I Have Had To Be As We Were Poor

I never had much money to look a pretty girl in the first place and men don't do enough to impress much on me as being a prince of my dreams and until they do I don't bother....

As I have been sexually abused all my life I have learnt to dress less girl like to avoid mens lecherousness and pawing at my body at will have some have over take the liberty and over familiarity with me too much and the next guy will cop a law suit on them, as it is the rapist should be hung in Thailand and the navy made accountable for their mens violence on virgins.

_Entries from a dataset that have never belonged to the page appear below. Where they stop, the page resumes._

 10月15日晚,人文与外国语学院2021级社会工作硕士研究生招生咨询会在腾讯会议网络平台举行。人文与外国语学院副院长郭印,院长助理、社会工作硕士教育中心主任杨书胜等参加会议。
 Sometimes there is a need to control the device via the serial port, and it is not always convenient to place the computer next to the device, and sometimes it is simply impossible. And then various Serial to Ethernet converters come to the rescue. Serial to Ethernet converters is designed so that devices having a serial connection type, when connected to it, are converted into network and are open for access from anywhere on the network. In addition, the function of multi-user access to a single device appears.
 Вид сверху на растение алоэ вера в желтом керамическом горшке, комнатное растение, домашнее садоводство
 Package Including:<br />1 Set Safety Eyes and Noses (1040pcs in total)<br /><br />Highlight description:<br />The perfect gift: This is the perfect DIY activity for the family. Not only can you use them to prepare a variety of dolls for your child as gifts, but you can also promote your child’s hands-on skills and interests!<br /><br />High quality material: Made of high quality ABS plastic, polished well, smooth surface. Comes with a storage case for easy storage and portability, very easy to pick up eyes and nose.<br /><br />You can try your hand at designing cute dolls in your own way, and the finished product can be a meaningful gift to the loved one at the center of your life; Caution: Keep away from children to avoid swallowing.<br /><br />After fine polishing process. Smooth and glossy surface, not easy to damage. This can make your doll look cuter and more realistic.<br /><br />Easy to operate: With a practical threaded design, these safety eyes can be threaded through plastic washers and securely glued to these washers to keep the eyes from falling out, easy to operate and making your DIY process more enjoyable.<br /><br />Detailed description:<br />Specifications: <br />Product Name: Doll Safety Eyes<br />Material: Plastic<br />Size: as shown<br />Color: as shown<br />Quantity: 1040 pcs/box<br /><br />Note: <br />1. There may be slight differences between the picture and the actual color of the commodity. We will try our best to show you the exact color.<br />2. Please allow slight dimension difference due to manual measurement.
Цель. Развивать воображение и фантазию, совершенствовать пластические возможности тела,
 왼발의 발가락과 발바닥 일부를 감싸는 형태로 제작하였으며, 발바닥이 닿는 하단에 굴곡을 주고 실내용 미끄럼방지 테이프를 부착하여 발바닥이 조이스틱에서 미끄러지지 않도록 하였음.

the other thing is I find too many women are so bitchhy and rude to fit in with - I find it hard to identify with my feminine side because I have been the victim of too many abusive violent women also... and I am sick of dogs on my back

it would be nice to meet a mr wonderful and have some nice female friends in my real life other than on EP..

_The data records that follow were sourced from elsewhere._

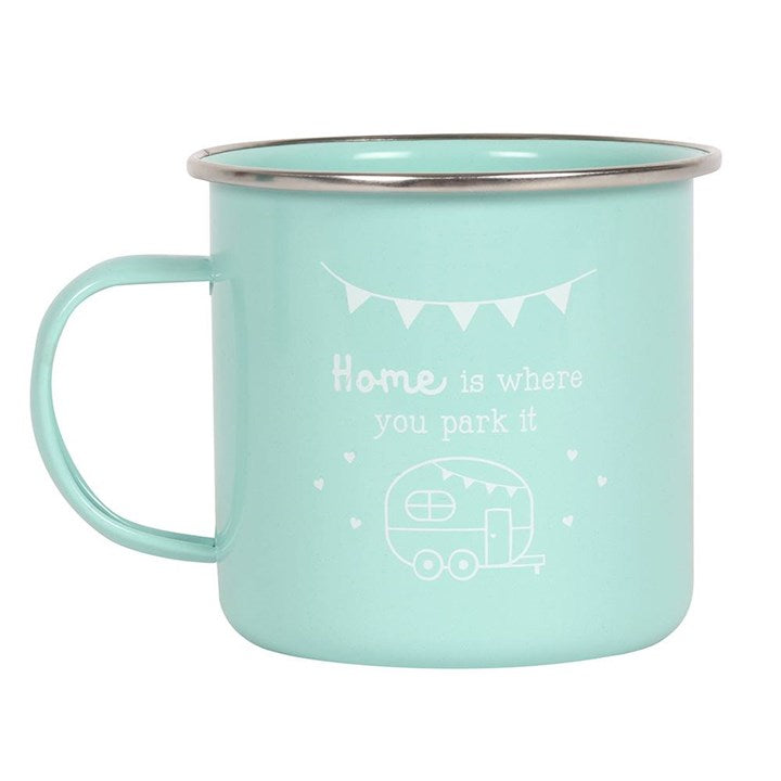 No caravan camping trip is complete without a classic enamel mug to sip out of. This fresh, mint colour is finished off with a white 'Home is where you park it' and caravan design. Do not use over open flame. Product Dimensions: H9cm x W12cm x D10cm Packaged Dimensions: H9cm x W12cm x D10cm
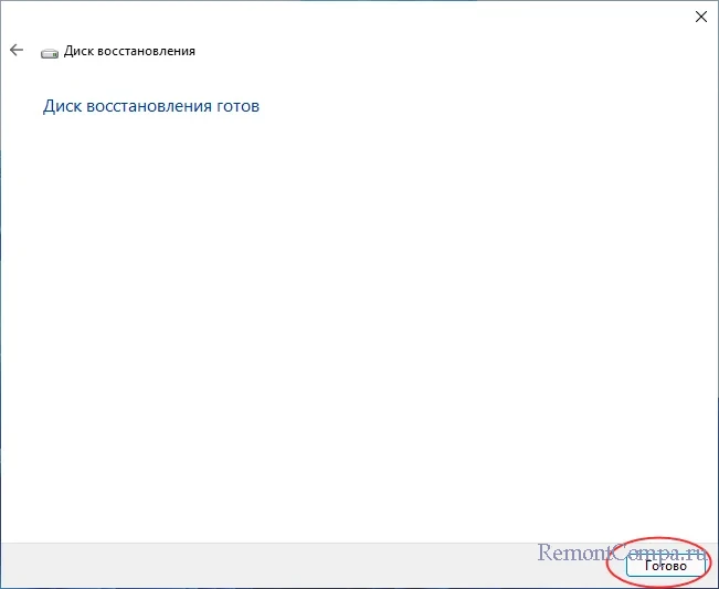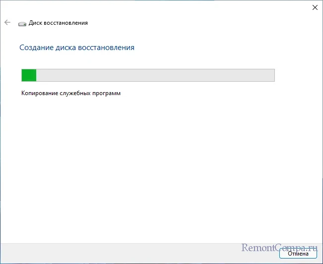 Дождитесь завершения записи диска восстановления. Если носитель создаётся с настройками по умолчанию, то есть копированием системных файлов, будьте готовы немного подождать. О завершении создания диска вы будете проинформированы.
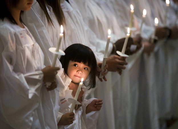 La foto del día.Acto de fe. La pequeña Jillian Nguyen (3) es vietnamita-estadounidense. Aquí participa en su bautismo, en la iglesia católica de Santa Helena (Filadelfia).
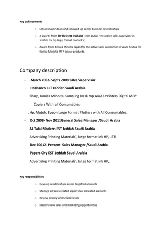 Sa'ed Tweir is a Jordanian national with over 7 years of experience in sales management. He has a proven track record of developing new business, exceeding sales targets, and motivating sales teams. He is skilled in Microsoft Office, customer service, business development, and importing products from Europe, China, and Taiwan. Currently he is a Sales Manager at Papers City EST in Jeddah, Saudi Arabia where he develops relationships with key accounts and manages all sales aspects. Previously he held sales supervisor and general manager roles at various companies specializing in printing materials and office equipment.
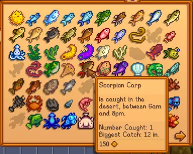 《星露谷物语》一次又一次地钓鱼MOD,您是否设法找到了一条鱼,但不知道如何再次找到它?这是我经常遇到的问题,所以我做了一个 mod 来解决这个问题。所有鱼、蟹笼鱼等的描述现在都已更改,以显示在哪里以及如何捕捉它们。
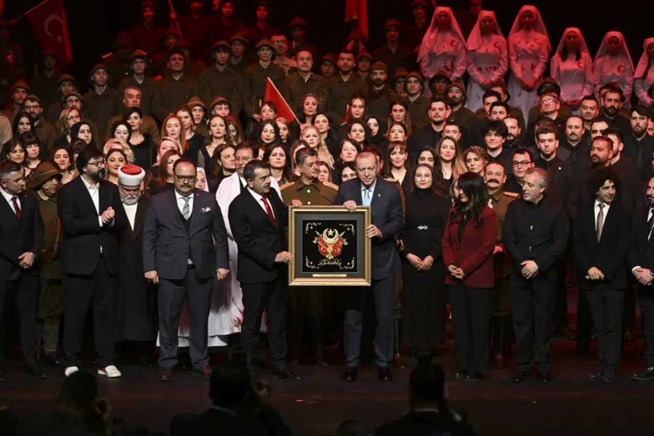 Cumhurbaşkanı Recep Tayyip Erdoğan, Çanakkale Deniz Zaferi'nin 111'inci yıl dönümü dolayısıyla hazırlanan "Şüheda 1915" tiyatro gösterimini Beştepe Millet Kongre Merkezi'nde izledi.
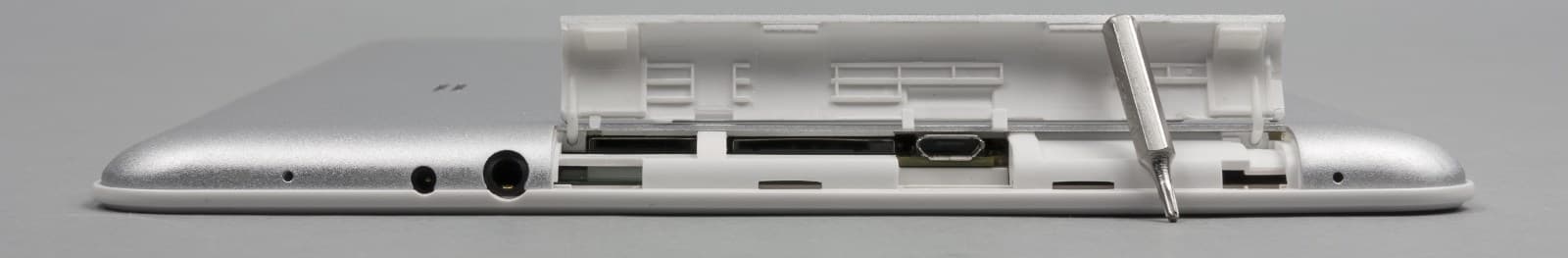 Под пластиковой крышкой находятся разъемы Mini-SIM и microSD, никак не помеченные и потому едва заметные. Рядом — порт Micro-USB. Крышка открывается с трудом, необходимо с силой поддевать прорези на ней ногтем. Через несколько таких операций образуется зазор между ней и тыловой панелью.

I just have trouble trusting any woman anymore and its been that way for years since I was a child in fact. and I have trouble trusting men also...

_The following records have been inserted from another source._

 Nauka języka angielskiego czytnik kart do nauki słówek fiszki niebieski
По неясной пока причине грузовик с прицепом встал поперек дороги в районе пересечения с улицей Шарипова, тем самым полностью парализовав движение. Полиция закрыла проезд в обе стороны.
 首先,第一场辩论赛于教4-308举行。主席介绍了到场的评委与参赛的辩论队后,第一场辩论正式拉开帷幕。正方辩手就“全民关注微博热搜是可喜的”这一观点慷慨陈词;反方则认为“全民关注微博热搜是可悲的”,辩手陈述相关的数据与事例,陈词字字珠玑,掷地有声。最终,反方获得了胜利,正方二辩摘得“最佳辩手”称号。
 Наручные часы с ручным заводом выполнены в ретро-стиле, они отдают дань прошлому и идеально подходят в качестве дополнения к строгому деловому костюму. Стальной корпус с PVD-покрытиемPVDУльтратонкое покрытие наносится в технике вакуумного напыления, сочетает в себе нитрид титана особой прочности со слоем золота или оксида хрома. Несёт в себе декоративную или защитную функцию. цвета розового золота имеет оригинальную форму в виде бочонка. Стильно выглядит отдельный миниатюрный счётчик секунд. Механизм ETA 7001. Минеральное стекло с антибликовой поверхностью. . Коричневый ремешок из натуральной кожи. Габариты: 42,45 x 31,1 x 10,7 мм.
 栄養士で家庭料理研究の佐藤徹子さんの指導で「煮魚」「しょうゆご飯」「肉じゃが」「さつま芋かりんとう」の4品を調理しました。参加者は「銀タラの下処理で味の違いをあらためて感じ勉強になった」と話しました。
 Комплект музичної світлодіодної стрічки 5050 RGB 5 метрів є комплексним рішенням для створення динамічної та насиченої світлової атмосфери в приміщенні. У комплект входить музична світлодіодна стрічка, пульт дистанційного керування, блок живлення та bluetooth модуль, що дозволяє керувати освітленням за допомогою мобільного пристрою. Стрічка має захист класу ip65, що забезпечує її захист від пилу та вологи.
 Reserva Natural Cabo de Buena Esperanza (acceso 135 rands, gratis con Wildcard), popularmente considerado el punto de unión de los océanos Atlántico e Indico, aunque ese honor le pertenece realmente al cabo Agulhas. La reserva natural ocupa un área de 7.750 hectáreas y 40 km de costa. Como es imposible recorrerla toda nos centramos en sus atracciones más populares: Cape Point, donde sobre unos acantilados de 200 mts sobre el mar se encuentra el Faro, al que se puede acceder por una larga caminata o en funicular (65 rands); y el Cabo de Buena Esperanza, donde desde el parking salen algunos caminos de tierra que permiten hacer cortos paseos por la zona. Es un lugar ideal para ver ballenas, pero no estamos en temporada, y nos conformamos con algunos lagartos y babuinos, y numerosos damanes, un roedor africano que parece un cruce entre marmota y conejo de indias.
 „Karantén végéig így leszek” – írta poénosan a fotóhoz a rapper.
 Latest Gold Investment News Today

it has affected my self worth and how I see myself

I often don't bother to wear pretty clothes now since the rape and I rarely wear a skirt as since my uncle ron poacher shoved things up my dress at parties and down my bra at my sisters wedding and pawed over me drunk ... and my great uncle molesting me since I was 4 or 5 I feel a victim and I want a man in my life who will value my body as a man should... 

since meeting Joyce Poorter who has been screwing in my head with Bugsy for the last 30 or more years those dutch people have ruined my life deliberately out of jealousy.... it must be hard being old and I guess those arseholes needed to take it out on a pretty young virgin ... its not my fault she was jealous of me back in 1978 and 79 and was enticing bugsy and other men to abuse me... mental spastic old ****!

and I don't think that wanting to be loved in a beautiful way  is being cowardly or self pitying or selfishly needing to be rescued for self gratification- as Joyce suggested to me- as if I should never want any love at all other than rape by a married grotesque man like ken carey hawkins or whatever he calls himself....and prostitution- there is nothing wrong with wanting  to have a man treat you right .. there is nothing wrong with a woman having a man to lean on in times of her emotional need especially if he is your boyfriend or husband - that is what he is there for... and I think I should have every right as the next young or mature aged woman to have a a man honor my body and virtue and I don't think that that ought to be left up to anyone else to decide least of all Joyce Poorter!!!!